I'm rarely an apologist for subscription services vs outright purchase but those features sound like ones that are going to use cloud services instead of working on-device only. If it's associated with an ongoing cost it's perfectly justifiable to charge an ongoing fee, IMO. That said I’d much prefer an option tied to how much you actually use it.

embedding-shape 34 minutes ago | parent [-]

Yeah, it's the same story as always; "We need to charge a monthly fee since it requires ongoing maintenance and you paying ensures we stick around", then fast forward 2-3 years and the company gets bought and shut down. We've been through this so many times that I'm just averse to any sort of product that won't work after the company shuts down.

It's so horrible to find a product, it works and functions great, almost a life-saver even, and then Google buys the startup, the founders get a pay day, and they shut down whatever servers the product used and you sit there with some useless plastic that used to be great, but now isn't even a good paperweight.

tqwhite 2 hours ago | parent | prev | next [-]

The iPhone live translation is on-device.

https://support.apple.com/en-us/123720

embedding-shape 36 minutes ago | parent [-]

But iPhones don't sit in front of my eyes and does it automatically, which is why this whole "screens inside of glasses" thing seems so useful, if they could just figure out a way to make it work for longer than the duration of a startup.

kisper 25 minutes ago | parent [-]

How about glasses that just display text sent from a phone running live transcription software? Why not display notifications while at it?

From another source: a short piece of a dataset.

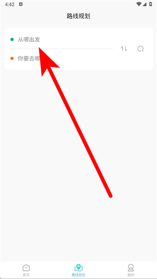 3、在路线规划页面,点击从哪出发。
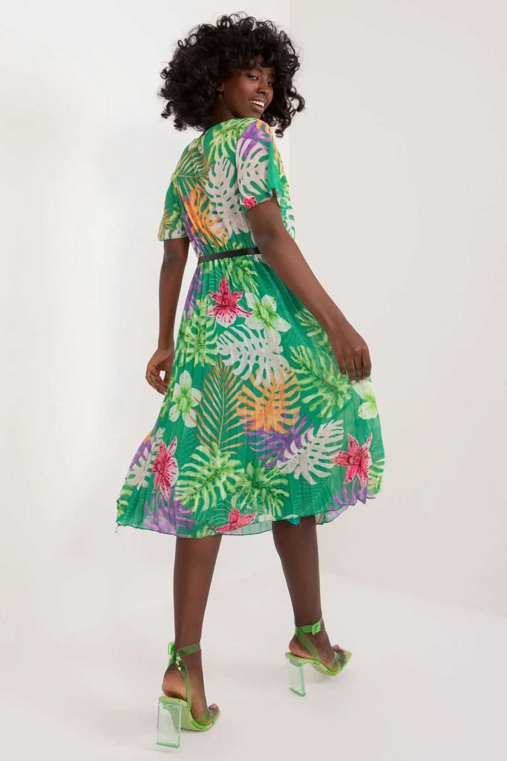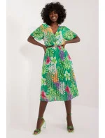Tyto šaty jsou typickým příkladem každodenní elegance, která ozvláštní každý den. Jejich rozšířený střih poskytuje volnost pohybu a zároveň zvýrazňuje ženskou siluetu. Spodní část šatů zdobí záhyby, které celému vzhledu dodávají lehkost a jemnost. Tyto šaty jsou vyrobeny z polyesteru, takže nejen skvěle vypadají, ale také se snadno udržují a příjemně nosí. Díky své midi délce se hodí pro mnoho příležitostí, od procházek po městě až po setkání s přáteli. Díky krátkým rukávům se šaty pohodlně nosí i v teplejších dnech, zatímco obálkový výstřih dodává šatům jemný půvab a ženský nádech. Šaty mají zapínání na pásek, který zvýrazňuje pas a dodává siluetě proporce. Díky podšívce pro větší pohodlí jsou tyto šaty kombinací stylu, pohodlí a elegance, díky níž se budete cítit sebevědomě a krásně každý den. Tyto šaty, které jsou ideální pro každodenní vycházky, se rychle stanou oblíbeným kouskem vašeho šatníku.

tlar 3 hours ago | parent | prev [-]

They can do local transcription without internet but you do need their app, so the glasses would be useless if the company died, yes.

That said, the paid subscription has some useful features, but I personally don't care about multi-languages translation. The rest of the conversational improvements seem to help but I don't think they're necessary... although I don't know what they mean with "Boost caption accuracy". Maybe using more expensive models?